I used to think that the State Fair Art show was always the same—some good works, some mediocre works, some clever works, some pleasingly naïve works, some pretentious works, and some that were just plain terrible. But this year’s show is better. Interesting works of all kinds, and relatively few clinkers.

My favorite was a photograph of a pier. Looks like California to me. It has that blue light that seems to come from everywhere. The photo you see here, taken with a cheap camera through glass and later touched up to remove my own reflection and the glare of the surrounding lights, can only hint at its beauty. (That’s true of most of the other photos you see here.)

Second on my list is a print (silk-screen?) by Faye Passow. She seems to make the show every year, with some sort of imaginative litho illustrating female anxieties. They’re always very well done. But this one is more naturalistic.
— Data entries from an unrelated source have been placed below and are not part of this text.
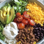 Easy Taco Rice Bowl – Quick and Healthy Dinner Idea is the kind of meal that brings bold flavor and satisfying texture together in a single bowl. Fluffy rice forms the base, topped with seasoned ground meat, fresh vegetables, and a creamy finish that ties everything together. Each bite offers warmth, gentle spice, and a refreshing crunch.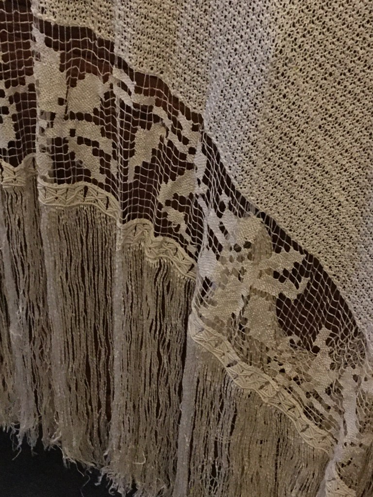 Historically, there is the shawl my mother and father took turns knitting on the steamer coming to the US. It was for my father’s grandmother and I still keep it in my chest although it is no longer usable. The most precious historical shawl I have is the one made by Fernanda, my Bizzarri mother-in-law. At this point certainly over a hundred years ago, it uses three techniques – knitting, crochet, and. . . oh dear, someone help me to come up with the right term. Suddenly, there I have it – macramé.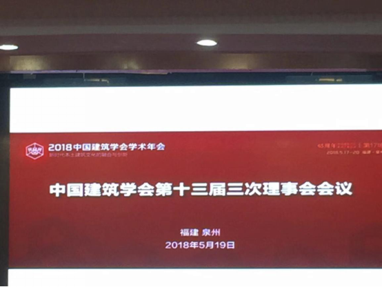 2018-5-18-20,中國建築學會(hui) 學術年會(hui) 和中國建築學十三屆三次理事會(hui) 在福建泉州舉(ju) 行。鍾繼壽秘書(shu) 長主持會(hui) 議,福建省建設廳和泉州巿領導致賀辭。出席會(hui) 議的有何鏡堂院士、歐進萍院士、崔凱院士、聶建國院士、劉家平院士、王建囯院士等來自全國的建設科技工作者800餘(yu) 人。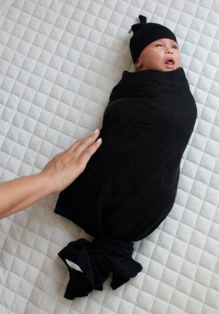 Our luxuriously soft, lightweight and stretchy Bamboo Swaddle Blanket & Hat Set is designed to keep your baby comfortable while feeling safe and secure. Bamboo's natural weave makes swaddling a breeze and is flexible enough for a nice, snug swaddle with enough wiggle room. The beanie fits newborns up to 3 months.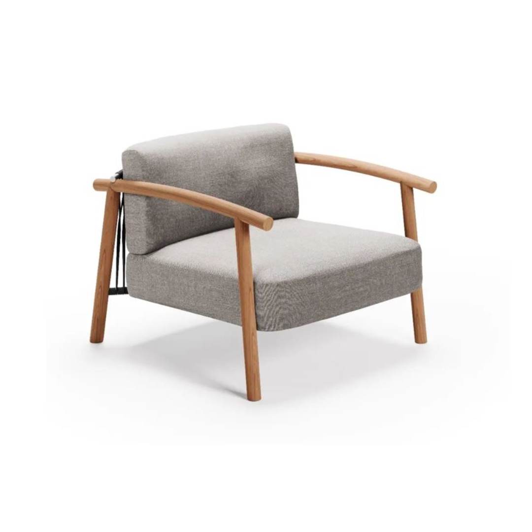 An object that evokes nature and open space, an armchair that conveys a sense of lightness and naturalness thanks to a wooden structure, a measured but distinctive character.

The chiaroscuro is intense and the subject matter itself—a half-dead tree—is very unusual.

We happened to be having a pizza with Faye and her boyfriend when she was making this print last spring. At the time she had just come from the studio, and was frustrated by all the registration the print required—there are eleven layers to get exactly right, if I remember correctly. I would say that the results were worth the effort.

Every show has a noteworthy political creation, almost invariably with a liberal bent. This year’s has Obama as Dorothy, Chaney as the wicked witch, and Bush as the minion monkey. The elderly couple ahead of us took one look and said, “I wouldn’t give that one a prize!” To which I couldn’t help retorting, “I would.” They just kept on walking.
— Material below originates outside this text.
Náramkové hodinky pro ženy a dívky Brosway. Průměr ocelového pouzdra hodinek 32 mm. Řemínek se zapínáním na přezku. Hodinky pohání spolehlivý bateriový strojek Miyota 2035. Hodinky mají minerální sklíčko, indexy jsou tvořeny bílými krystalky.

Among the many arresting photographs there was one large panorama with a tornado front and center dwarfing the two semis that had pulled off the freeway in the foreground. I also liked the one of the snake between two tree trunks. (At least that what I think it was.) And there was something sweet about the little girl prancing toward a shop window in which a Tinkerbelle manikin was on display.)

There was a photo of a cedar waxwing in flight that looked like a painting, and several pencil drawings that looked like photographs. And I was also intrigued by a very large painting of Fruit Loops. In the retrospective corner of the show I was taken by the Alex Soth photograph of a young woman wearing a stocking cap.
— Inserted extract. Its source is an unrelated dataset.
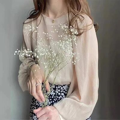 日韓 新作 ランタン袖 ブラウス 軽薄 シフォン シャツ 着痩せ 百掛け トップス 気質 カジュアル レディース ワイシャツ 福袋 T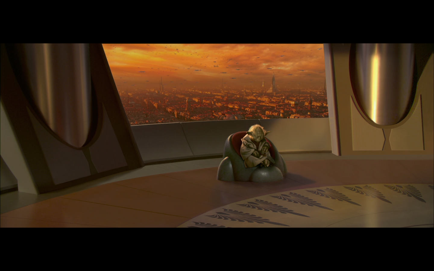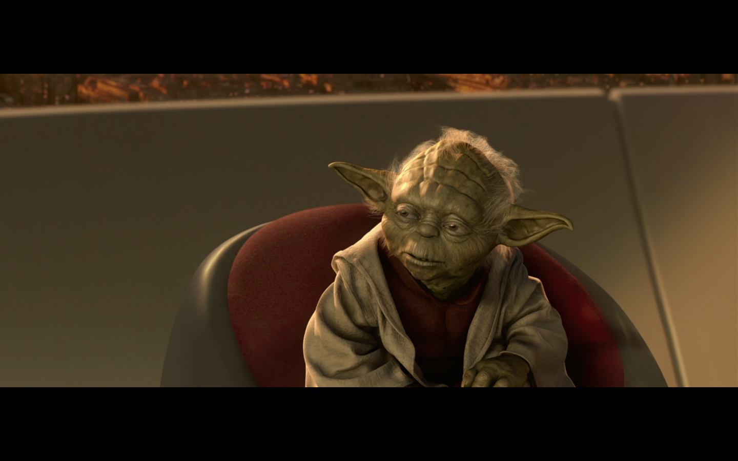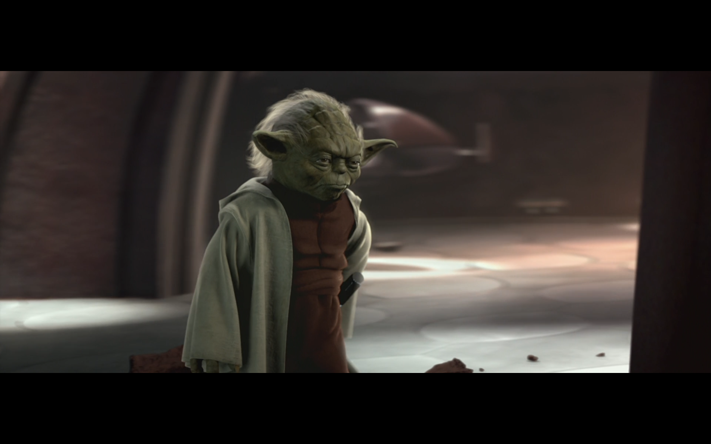 “Victory? Victory, you say? Master Obi-Wan, not victory. The shroud of the Dark Side has fallen. Begun the Clone War has.”

Another highlight, in a different part of the fairgrounds, was the steer-wrestling. In this rodeo event, teenage boys on horseback chase a baby steer that’s fleeing at break-neck speed, leap onto it and try to wrestle it to the ground. Of the ten we watched, only three were successful.

We had our all-you-can-drink glass of milk. We listened to a demonstration about Danish Smorbrot that wasn't worth much. We tried to identify rocks at the geology booth, and won a Norway Pine seedling at the forest industry center. (It's still sitting in the bag. Where should we plant it?) We drank a free sample of an energy drink that tasted like concentrated Lick-em-aid.

Ah, the State Fair. Always the same, always something different.